CHAPTER 7
The Jaguar sliced into the water like an arrow. It slammed to a stop under the surface, blowing an air bag across Nohar’s face. The inductors blew with a hydraulic explosion that twisted the Jaguar on its side as water shot into the cabin from the bullet holes in the windshield.
Nohar tore the air bag from in front of him.
The aircar was tumbling, the air in the cabin not anywhere near enough to keep the fans afloat. Nohar scrambled as the aircar turned completely upside down, the cabin already half-filled with water. He took a few deep gasps of what remained of the air, and kicked at the windshield.
With the car upside down, the windshield was already completely underwater, and it gave with a single kick. Nohar ducked and pushed himself out the window just as the Jaguar nosed into the mud at the bottom of the reservoir.

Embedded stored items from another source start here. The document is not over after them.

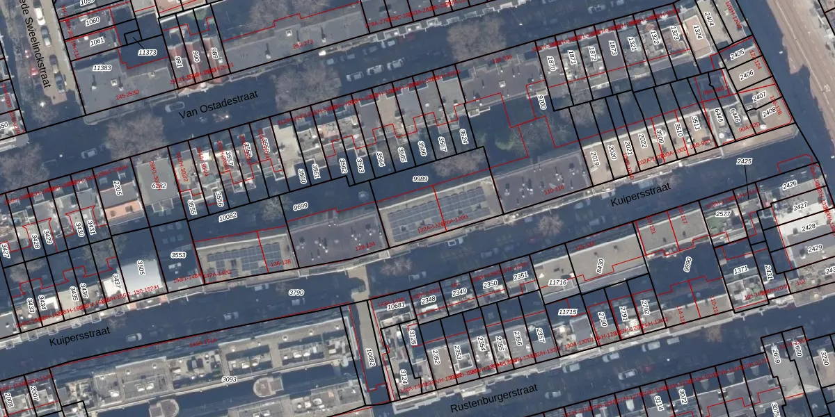 Het adres ligt op het perceel ASD18-V-9989, dat zich in de kadastrale gemeente Amsterdam bevindt. Het perceel is 472 m² groot. Dat is kleiner dan de gemiddelde perceeloppervlakte in Amsterdam, dat op 558,8 m² ligt. Het grootste perceel in de kadastrale gemeente is 12,5 ha. Het kleinste perceel heeft een oppervlakte van 0 m². Er zijn 14 adressen aanwezig op het perceel. De laatste wijziging in het de Basisregistratie Kadaster (BRK) was op 11-08-2006.
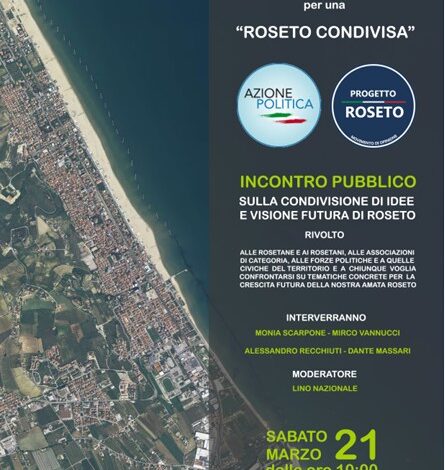 Roseto. Progetto Roseto e Azione Politica organizzano per sabato 21 marzo, ore 10, nei locali del ristorante pizzeria Marechiaro (lungomare Trento, 49), un incontro pubblico per affrontare alcuni temi che riguardano la città. Idee, proposte, una visione futura e condivisa di Roseto degli Abruzzi.
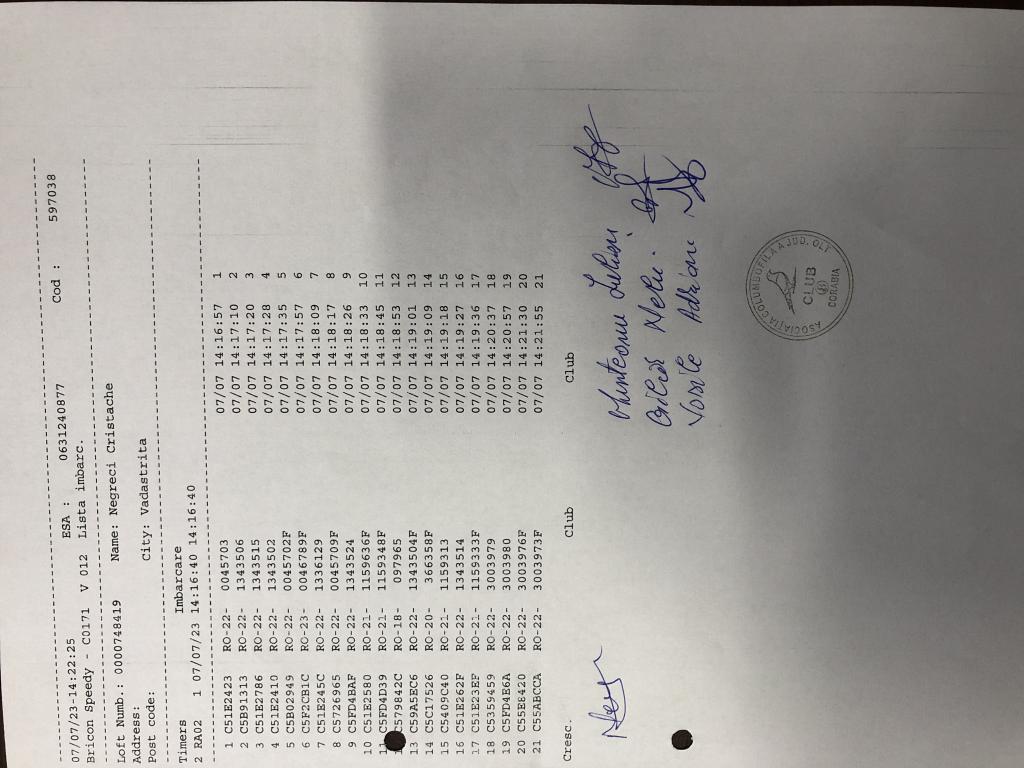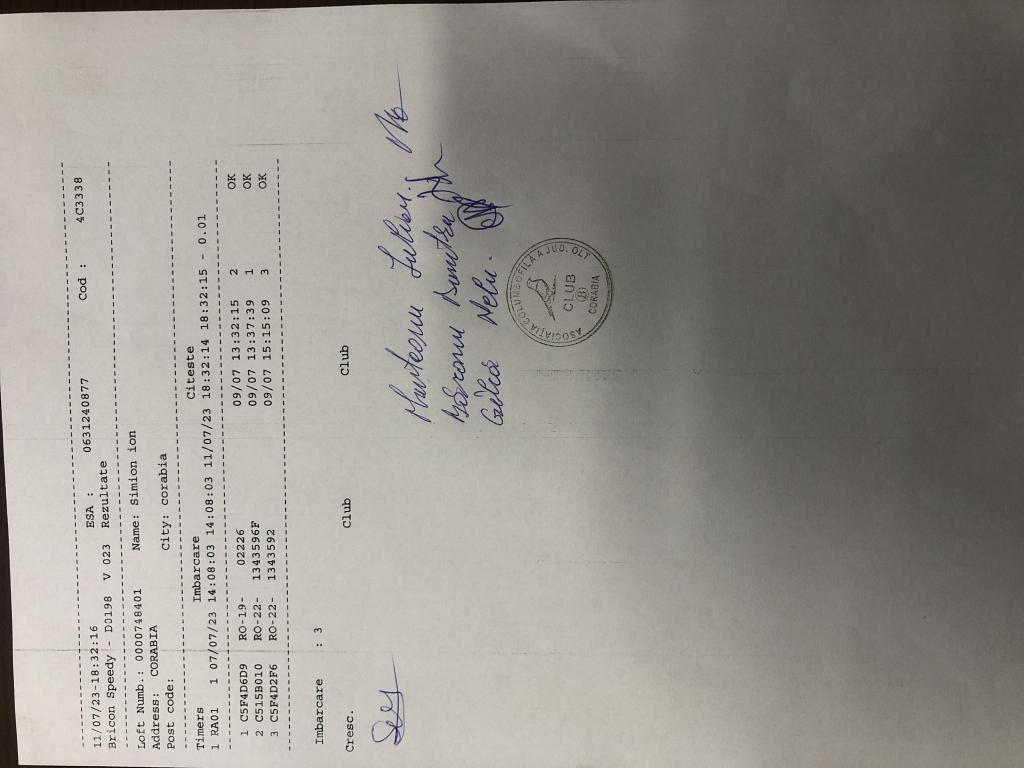 | 217 | Purcarea Cosmin | OT1736 | BEN | Slatina |

Nohar swam blindly, the water dark and blurred with sediment. His head throbbed with the dull sound of machinery. He pushed himself to clear as much distance between him and the wreck as possible. He stayed under until his lungs burned with lack of air, then he pushed through the inch-thick scum of algae on the surface.
When his head hit the air, he sucked in several deep breaths as he spun around to see the nearest harvesting pylon. He dove under again, heading for the pylon. He had to break the surface twice more before he reached it. The second time he broke the surface right in the path of one of the pylon’s three-meter-wide skimming arms; he had to dive under as the rotating boom swept over his head.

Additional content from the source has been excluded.